Content starts
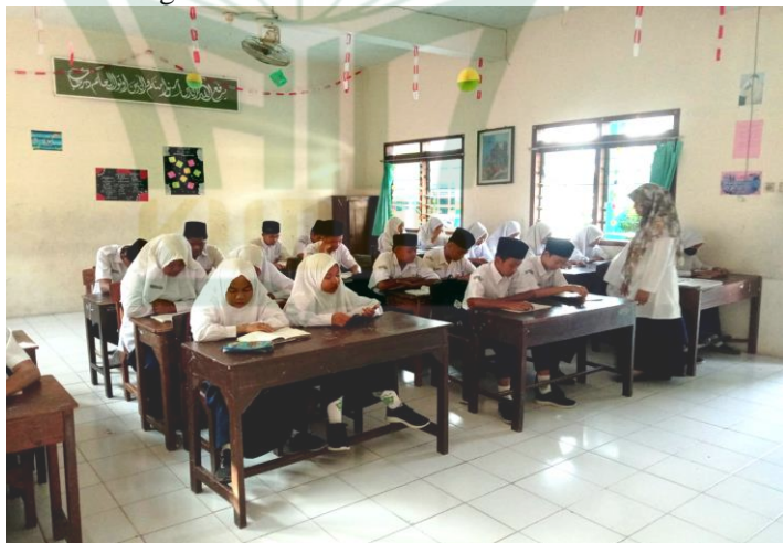
Gambar 4.4 Guru mendampingi siswa mengaji Juz Amma bersama. 11

Setelah itu, pukul 07.10-07.20 WIB dilanjutkan mengaji juz Amma bersama di kelas masing-masing yang didampingi oleh guru pendamping atau guru mata pelajaran yang mengajar pada saat jam pertama. Setiap siswa harus memiliki Juz Amma sendiri yang dibaca dalam kegiatan tersebut.
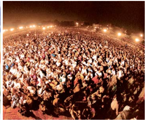
2000年パキスタン連合大聖会
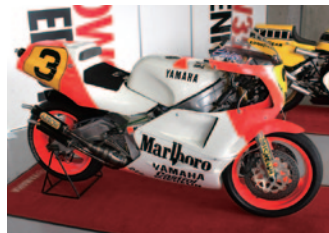
【WGP500】 YAMAHA YZR500/0W98(1988)
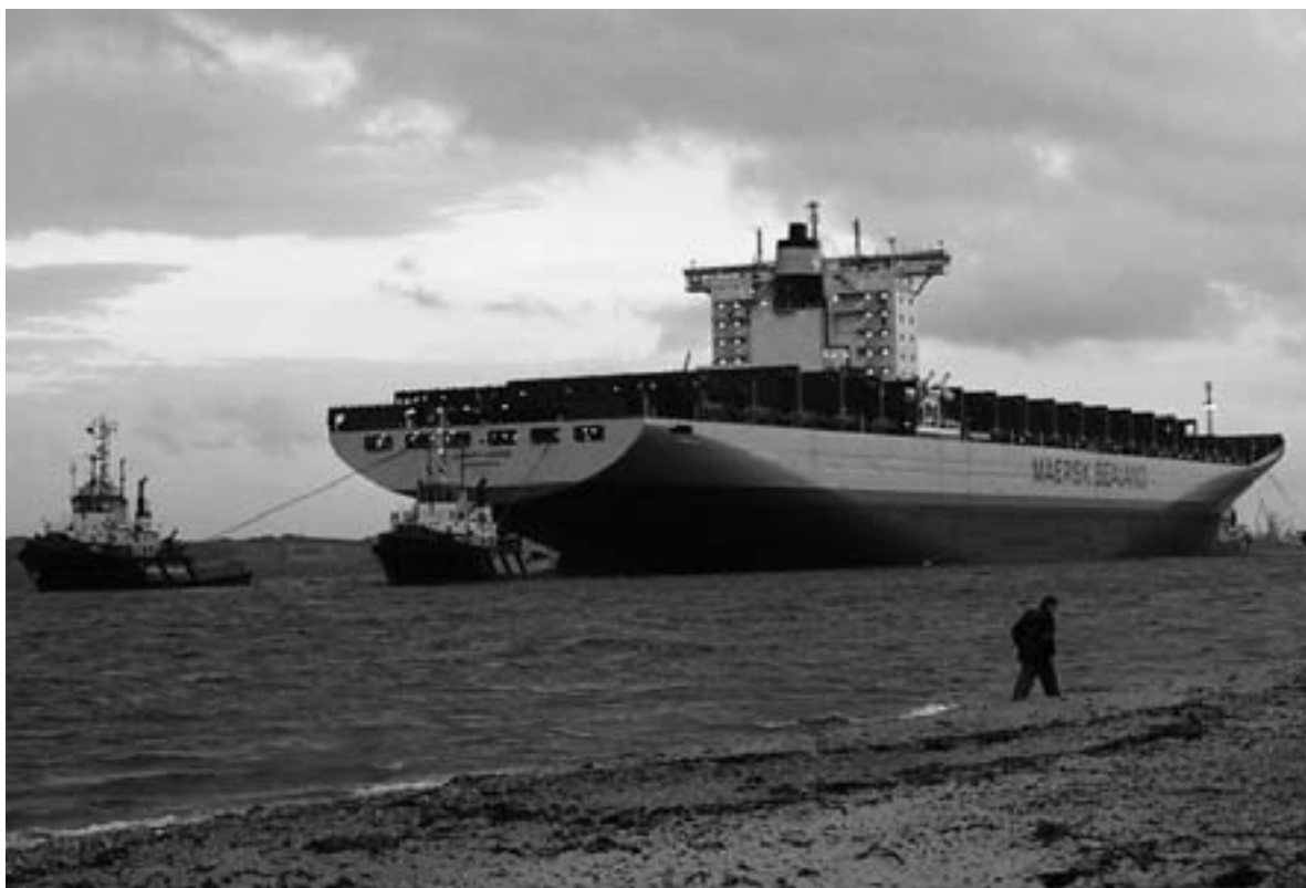
Et af de tidligere containerskibe trækkes ud gennem Gabet.

Tommerup Tryk ApS Højeløkkevej 19, 5690 Tommerup Telf.: 64 76 16 00.
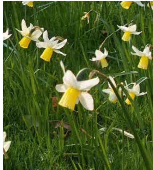
Narcissus 'Dove Wings' Narcis

Deze narcis heeft duidelijk naar achteren wijzende dekblaadjes (zo heten de bloemblaadjes van narcissen) en een roomgeel trompetje, niet hoger dan 25-30 cm en bloeiend in april.
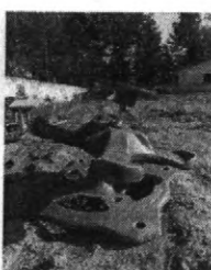
QUEM VÊ DE PERTO
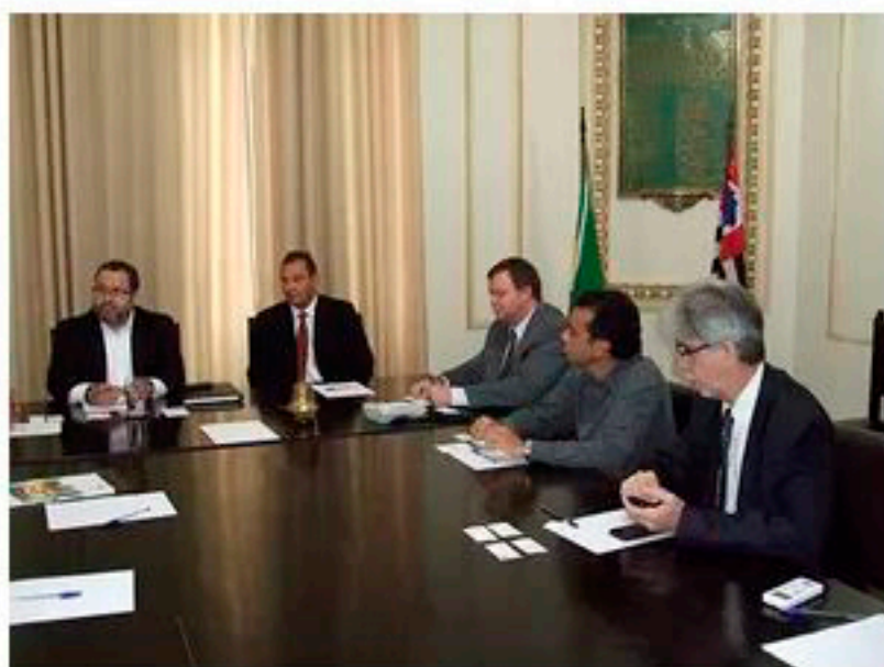
Encontro reuniu representantes de portos

Dois representantes do Porto de Houston, nos Estados Unidos da América, visitaram a Associação Comercial de Santos, no litoral de São Paulo. Eles se reuniram com diretores da ACS e debateram a possibilidade de criar oportunidades de comércio entre os portos de Santos e da América do Norte.
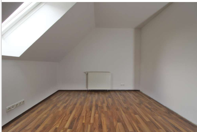
OG Schlafzimmer 1
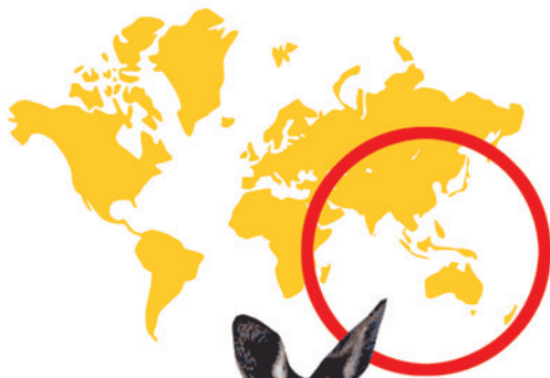
Le kangourou (Australie)

Parmi tous ces animaux plus curieux les uns que les autres, sauras-tu retrouver le héros de notre film?
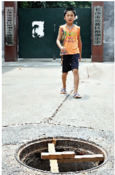
8月17日,长沙市银盆岭路裕湘小学门口,一井盖被偷,只用十字形木架遮挡。
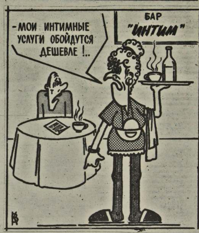
Рис. В. Кондратовича.

В зале суда. — Знаете ли вы, что вас ожидает за дачу ложных показаний? — Да. Мне обещали «Жигули». — Ты что, разводишься с мужем? — Да. Он мне изменяет. — Не подумай о детях! — Ах, с таким ловеласом нельзя быть уверенной, что это его дети! — Муж и жена смотрит по телевизору балет на льду. Муж: — Ого! Вот с этой женщиной я бы исполнил произвольную программу! Жена выключает телевизор! — Ты сначала научись исполнять обязательную! — Судья, твоя королева палит!
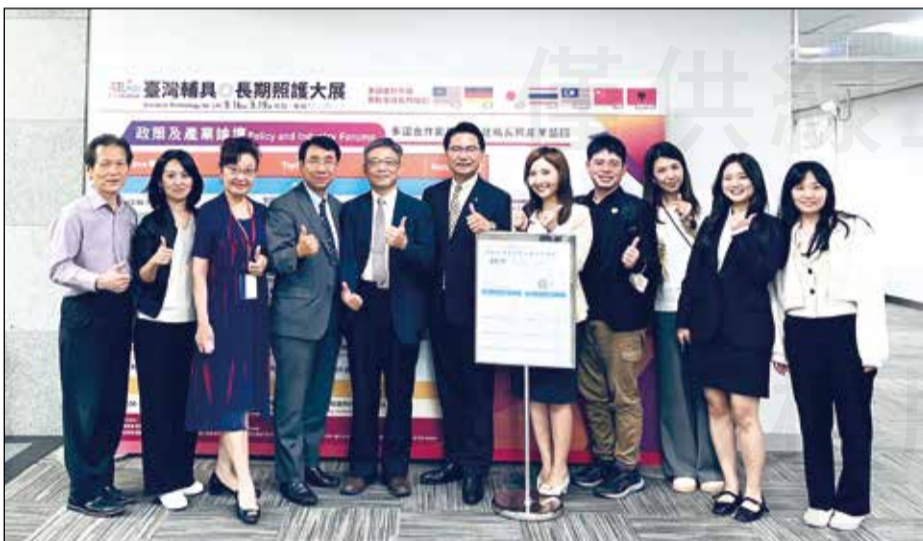
↑ 臺北市藥師公會與相關協會合辦樂齡經濟暨長期照顧論壇。
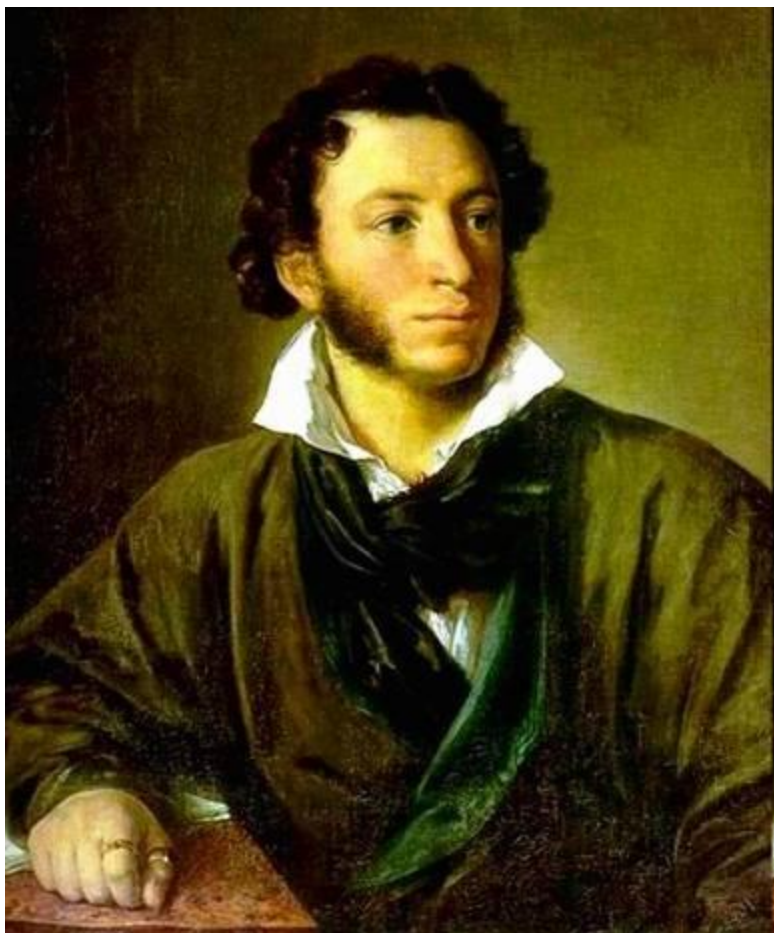
Александр Сергеевич Пушкин (1799 – 1837)

«Мороз и солнце; день чудесный! Ещё ты дремлешь, друг прелестный...»
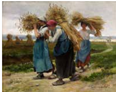
拾穗婦女 Julien DUPRÉ 法國 (1851-1910)
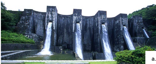
a. 多連アーチ式傾斜型
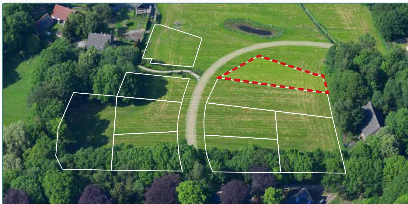
Kavel 126 vanuit de lucht

* De Stadsbouwmeester kan in zijn welstandsadvies afwijken van het beeldkwaliteitplan als de koper c.q architect met een ontwerp (aanvraag omgevingsvergunning) komt dat op onderdelen afwijkt van het beeldkwaliteitplan, maar kwalitatief een verrijking is van 't Vaneker. Dit is ter beoordeling aan de Stadsbouwmeester.
Content ends
__Problem description__:
Where the data contains images, drop them and print the rest exactly.

__Output for this task__:
Gambar 4.4 Guru mendampingi siswa mengaji Juz Amma bersama. 11

Setelah itu, pukul 07.10-07.20 WIB dilanjutkan mengaji juz Amma bersama di kelas masing-masing yang didampingi oleh guru pendamping atau guru mata pelajaran yang mengajar pada saat jam pertama. Setiap siswa harus memiliki Juz Amma sendiri yang dibaca dalam kegiatan tersebut.
2000年パキスタン連合大聖会
【WGP500】 YAMAHA YZR500/0W98(1988)
Et af de tidligere containerskibe trækkes ud gennem Gabet.

Tommerup Tryk ApS Højeløkkevej 19, 5690 Tommerup Telf.: 64 76 16 00.
Narcissus 'Dove Wings' Narcis

Deze narcis heeft duidelijk naar achteren wijzende dekblaadjes (zo heten de bloemblaadjes van narcissen) en een roomgeel trompetje, niet hoger dan 25-30 cm en bloeiend in april.
QUEM VÊ DE PERTO
Encontro reuniu representantes de portos

Dois representantes do Porto de Houston, nos Estados Unidos da América, visitaram a Associação Comercial de Santos, no litoral de São Paulo. Eles se reuniram com diretores da ACS e debateram a possibilidade de criar oportunidades de comércio entre os portos de Santos e da América do Norte.
OG Schlafzimmer 1
Le kangourou (Australie)

Parmi tous ces animaux plus curieux les uns que les autres, sauras-tu retrouver le héros de notre film?
8月17日,长沙市银盆岭路裕湘小学门口,一井盖被偷,只用十字形木架遮挡。
Рис. В. Кондратовича.

В зале суда. — Знаете ли вы, что вас ожидает за дачу ложных показаний? — Да. Мне обещали «Жигули». — Ты что, разводишься с мужем? — Да. Он мне изменяет. — Не подумай о детях! — Ах, с таким ловеласом нельзя быть уверенной, что это его дети! — Муж и жена смотрит по телевизору балет на льду. Муж: — Ого! Вот с этой женщиной я бы исполнил произвольную программу! Жена выключает телевизор! — Ты сначала научись исполнять обязательную! — Судья, твоя королева палит!
↑ 臺北市藥師公會與相關協會合辦樂齡經濟暨長期照顧論壇。
Александр Сергеевич Пушкин (1799 – 1837)

«Мороз и солнце; день чудесный! Ещё ты дремлешь, друг прелестный...»
拾穗婦女 Julien DUPRÉ 法國 (1851-1910)
a. 多連アーチ式傾斜型
Kavel 126 vanuit de lucht

* De Stadsbouwmeester kan in zijn welstandsadvies afwijken van het beeldkwaliteitplan als de koper c.q architect met een ontwerp (aanvraag omgevingsvergunning) komt dat op onderdelen afwijkt van het beeldkwaliteitplan, maar kwalitatief een verrijking is van 't Vaneker. Dit is ter beoordeling aan de Stadsbouwmeester.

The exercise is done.